Figure 3. Predicted effect of vaccination

(A) Simulated and observed virus dynamics for animal AC-04 used as an unvaccinated control in Ref. (Letvin et al., 2006). Model parameters (Table 1 and Appendix B; p_A/p_R = 2500) are estimated previously (Sergeev et al., 2009). Circles: Data points from Ref. (Letvin et al., 2006). Lines: Simulated cell compartments (Fig. 2) shown as percentage of CD4 T or CD8 T cell count in an average uninfected animal. (B and C) Two outcomes of vaccination depending on the initial level of memory cells. Simulated virus dynamics is shown for a vaccinated animal with the same parameter set as unvaccinated animal AC-04: (B) M(0) = 1% CD8 count (ends in the high-virus state), and (C) M(0) = 2% (ends in the low-virus state). Initial helper cell percentage, H_E(0) = 0.01% CD4 count.

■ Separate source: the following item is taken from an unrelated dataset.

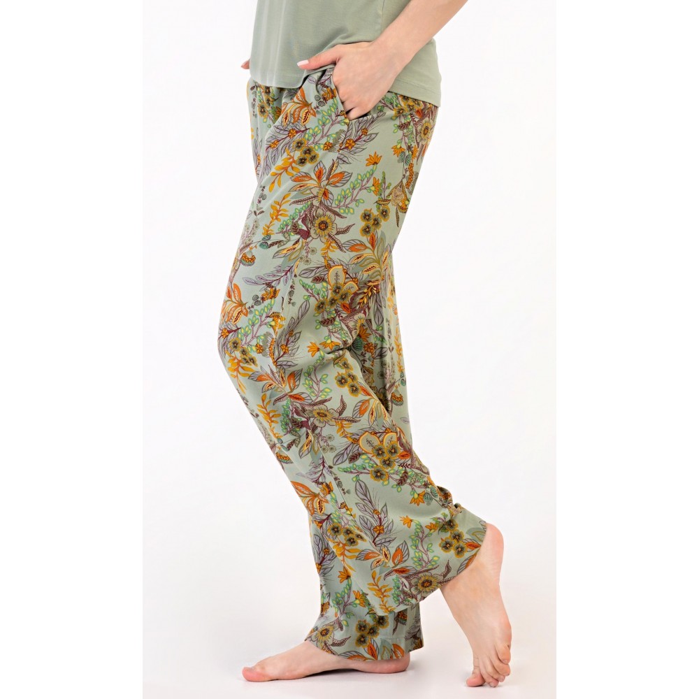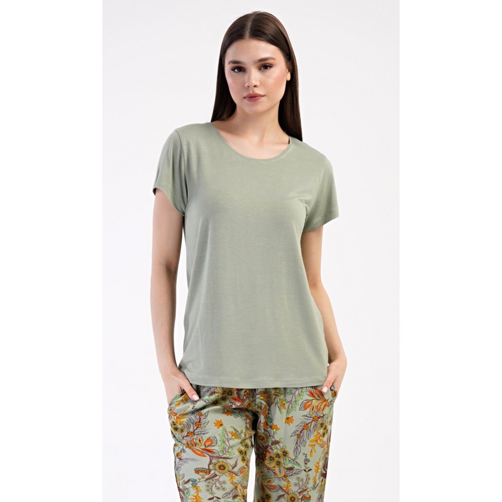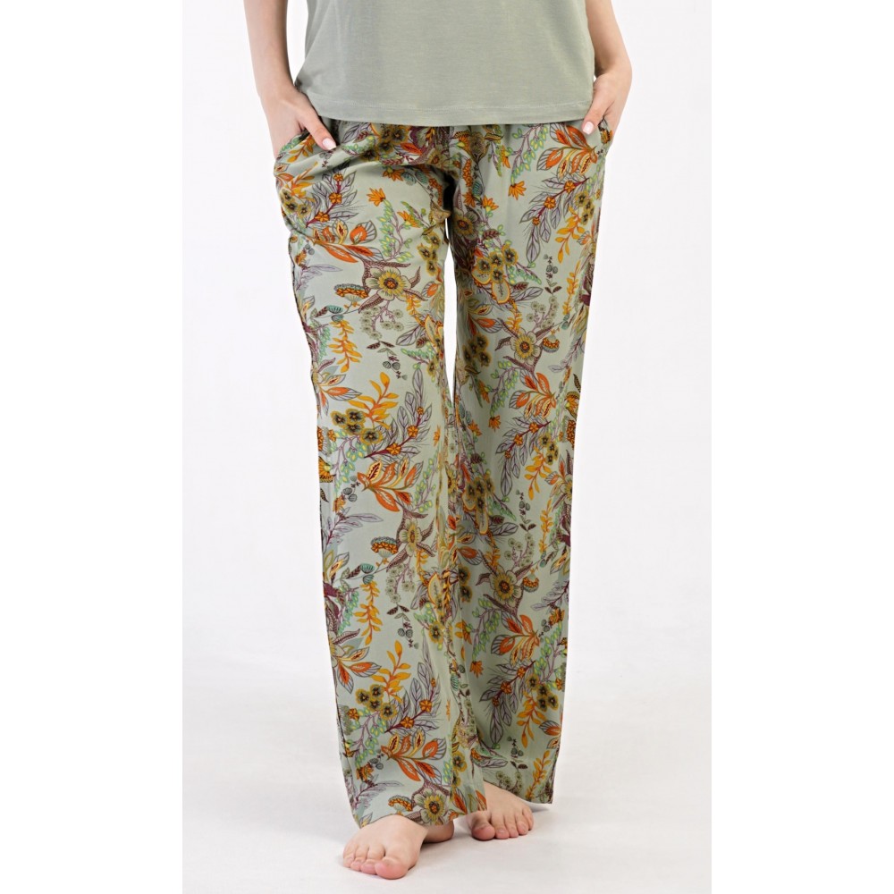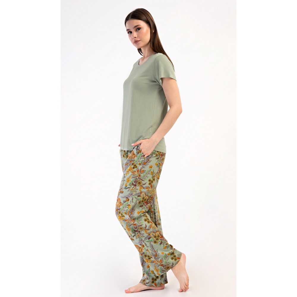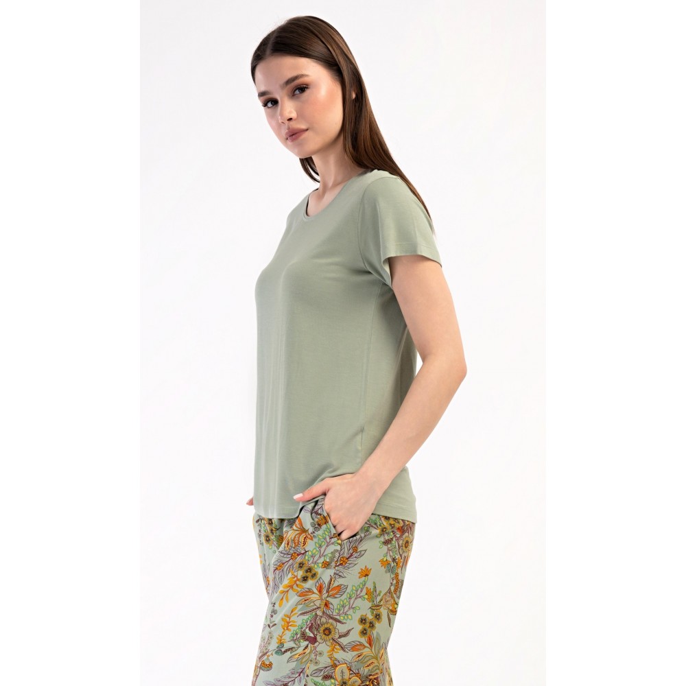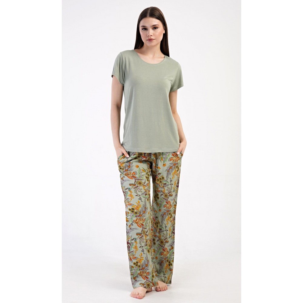 Dámské pyžamo s krátkým rukávem Marta. Dámské pyžamo se skládá z trika s krátkým rukávem a dlouhých kalhot. Triko je jednobarevné, bez potisku, má kulatý výstřih. Kalhoty potištěné květinovým vzorem mají v pase gumu a šňůrku na stažení, nemají kapsy. Použitý viskózový materiál je poddajný a příjemný na dotek.

Figure 4. Critical condition of the transition to the low-virus steady state (or the oscillating state) after acute infection

(A) Critical initial level of memory CTLs, M_c(0), required for the switch to the low-virus state or oscillating state, as a function of the initial helper cell level, H_N(0)+H_E(0). Cell levels are shown as percentage of CD4 T or CD8 T cell count in an average uninfected animal. (B) Decrease of the maximum virus load at the critical point, as compared to its value in a non-vaccinated animal. (A and B) The infectivity parameter ratio, p_A/p_R and identifiers of three unvaccinated animals from Ref. (Letvin et al., 2006), M-575 (blue), AC-04 (red), and 44-I (green), whose parameter sets were used for simulation (Table 1 and Appendix B), are shown in the legend. Solid lines with open squares: p_A/p_R=250. Dotted lines with other symbols: Other values of p_A/p_R, as shown.

Figure 5

Sketch of the effect of vaccination on virus dynamics, based on Fig. 2 in Ref. (Letvin et al., 2006).